Windows system >> Linux system Tutorial >> About Linux

How to convert UTF8 encoding into GB2312 encoding in Linux

UTF8 encoding and GB2312 encoding are different. In sqlplus, importing UTF8 encoded sql script will cause garbled error. At this time, UTF8 encoding needs to be converted into GB2312 encoding, but the conversion is very troublesome. Edit teaches you how to convert UTF8 encoding into GB2312 encoding in Linux. When

Background

I bulk import sql script UTF8-encoded using the oracle sqlplus, do not know how to set due recognition to make sqlplus UTF8 format, resulting in garbled, errors such as the wrong line And so that the work can not continue, in the case of google no fruit, I had to find a way to convert the code.

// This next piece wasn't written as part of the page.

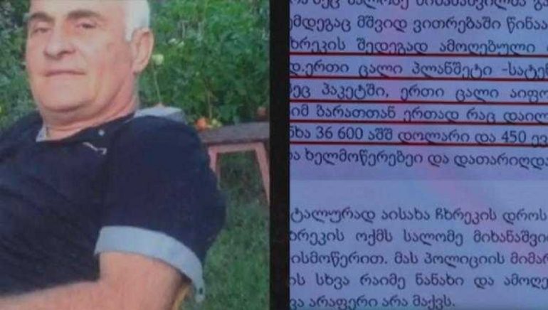ასევე ამოღებულ იქნა, ფულადი თანხა – 36.000 აშშ დოლარი და 450 ევრო, რაც დაილუქა სპეც პაკეტში. სპეც.პაკეტზე გაკეთდა ხელმოწერები და დათარიღდა. ჩხრეკის ოქმი ადგილზე იქნა შევსებული და დეტალურად აისახა ჩხრეკის დროს ასახული ნივთები”- წერია ბრალის დადგენილებაში.

Due to the large number of files, manual conversion is too cumbersome, so I thought of batch conversion with scripts. Fortunately, there are many related scripts on the Internet. The only trouble to implement is the UTF8 BOM markup.

Content:

The code is as follows:

#! /bin/bash

for loop in `find . -type f -name “*.sql” -print`do

echo $loop

mv -f $loop $loop.tmp

dos2unix $loop.tmp

file_check_utf8=‘file_check_utf8.log’

sed -n ‘1l’ $loop.tmp 》$file_check_utf810. if grep ‘^\\\\357\\\\273\\\\277’ $file_check_utf8 》/dev/null 2》&111. then

echo ‘UTF-8 BOM’

sed -n -e ‘1s/^. . //’ -e ‘w intermediate.txt’ $loop.tmp14. iconv -f UTF-8 -t GB2312 -o $loop intermediate.txt15. rm -rf intermediate.txt

rm -rf $loop.tmp

elif iconv -f UTF-8 -t GB2312 $loop.tmp 》/dev/null 2》&118. then

echo ‘UTF-8’< Br>

iconv -f UTF-8 -t GB2312 -o $loop $loop.tmp21. rm -rf $loop.tmp

else

echo ‘ANSI’

mv -f $loop.tmp $loop

rm -rf $file_check_utf8

#simulate unix2dos, requiring the last line of the text file to have a newline 28. sed -n -e ‘s/$/\ /g’ -e ‘w ’$loop.tmp $loop29. mv -f $loop.tmp $loop

done

#! /bin/bash

for loop in `find . -type f -name “*.sql” -print`do

echo $loop

mv -f $loop $loop.tmp

dos2unix $loop.tmp

file_check_utf8=‘file_check_utf8.log’

sed -n ‘1l’ $loop.tmp 》$file_check_utf810. if grep ‘^\\\\357\\\\273\\\\277’ $file_check_utf8 》/dev/null 2》&111. then

echo ‘UTF-8 BOM’

sed -n -e ‘1s/^. . //’ -e ‘w intermediate.txt’ $loop.tmp14. iconv -f UTF-8 -t GB2312 -o $loop intermediate.txt15. rm -rf intermediate.txt

rm -rf $loop.tmp

elif iconv -f UTF-8 -t GB2312 $loop.tmp 》/dev/null 2》&118. then

echo ‘UTF-8’< Br>

iconv -f UTF-8 -t GB2312 -o $loop $loop.tmp21. rm -rf $loop.tmp

else

echo ‘ANSI’

mv -f $loop.tmp $loop

rm -rf $file_check_utf8

#simulate unix2dos, requiring the last line of the text file to have a newline 28. sed -n -e ‘s/$/\ /g’ -e ‘w ’$loop.tmp $loop29. mv -f $loop.tmp $loop

done

Explanation

1. To deal with the UTF8 BOM, I have not found a good way, and finally judged with sed+grep, if the first three bytes are \\\\357\\\\273\\\\277, then The file must be UTF8, use sed to remove the three bytes and convert

2. To avoid duplication or omission, use iconv in the script. The file without the BOM tries to convert one. The conversion success indicates that the file is UTF8, otherwise the description is ANSI or GB2312

3. Regarding the last sed command, it is because there is no unix2dos command on my system, so The simulation was carried out in order to facilitate viewing and editing under Windows.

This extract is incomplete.